ONNX symbol between ML frameworks and hardware devices

What is ONNX?

ONNX is an open standard for machine learning model interoperability. According to the web site, ONNX defines a common set of operators — the building blocks of ML and deep learning models — and a common file format to enable AI developers to use models with a variety of frameworks, tools, runtimes, and compilers. It was originally open-sourced by Facebook and Microsoft in the Fall of 2017, and is now widely popular in the ML community. ONNX provides an intermediate representation for ML models and pipelines that makes it easier to exchange models between different frameworks. In addition, hardware manufacturers like Intel, NVIDIA, Qualcomm, and Habana like to have a single representation for which to optimize their code rather than dealing with a dozen different deep learning frameworks. Recently, ONNX was accepted as a graduated project to the LF AI Foundation.

ONNX Community meeting

There is a large community working on further developing the ONNX standard. In addition to regular conference calls of various subgroups, normally there are about three full-day in-person meetings per year where the developers get together to discuss our progress and next steps. Last year I attended two of them in Silicon Valley: hosted by Intel in March and by NVIDIA in August. The third community meeting was held in Shanghai in November, hosted by Microsoft. IBM was going to host the Spring 2020 community meeting but the plans were adjusted due to the global COVID-19 pandemic. We successfully hosted the meeting virtually on April 9. My colleague Thomas Truong worked with the ONNX Steering Committee and LF AI to create a great program for the meeting. In order to accommodate more time zones, it had to be reduced to three hours in length. The number of people attending at least parts of the meeting was 183, and many more watched the recordings later. All presentations and video recordings of the meeting can be found on the LF AI wiki.

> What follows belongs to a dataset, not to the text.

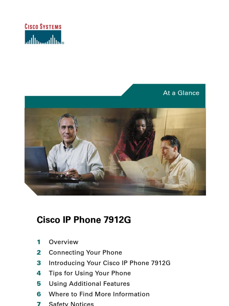 1 2 3 4 5 6 7 Overview Connecting Your Phone Introducing Your Cisco IP Phone 7912G Tips for Using Your Phone Using Additional Features Where to Find More Information Safety Notices

During the introductions Harry Kim from Intel showed some facts about the growth of ONNX popularity during the last year:

Between March 2019 and April 2020 the numbers of ONNX pull requests, contributors, github stars and forks grew double-digits, published papers grew 111%.

We also learned about some new community members, pictured in the image below.

ONNX support spans most tech companies and open source packages dealing with machine learning.

Zhipeng Huang presented on MindSpore, shown in the upper right corner of the diagram. It is an open source ML framework released by Huawei.

Emma Ning from Microsoft talked about performance breakthrough her team achieved with ONNX Runtime, an open source project started at Microsoft and closely related to ONNX.

Kishwar Shafin from UCSC told us how the use of ONNX and ONNX Runtime in the analysis of genomic data helped to make some important computation-intensive processing from 6 to 10 times faster.

Shounak Mitra and Tinga Su from Mathworks told us how MATLAB can import most ONNX models. I have used MATLAB in graduate school a very long time ago and was impressed by how far it has progressed since then.

Special Interest Groups

After a break the Special Interest Groups (SIG) and the ONNX Training working group delivered their reports.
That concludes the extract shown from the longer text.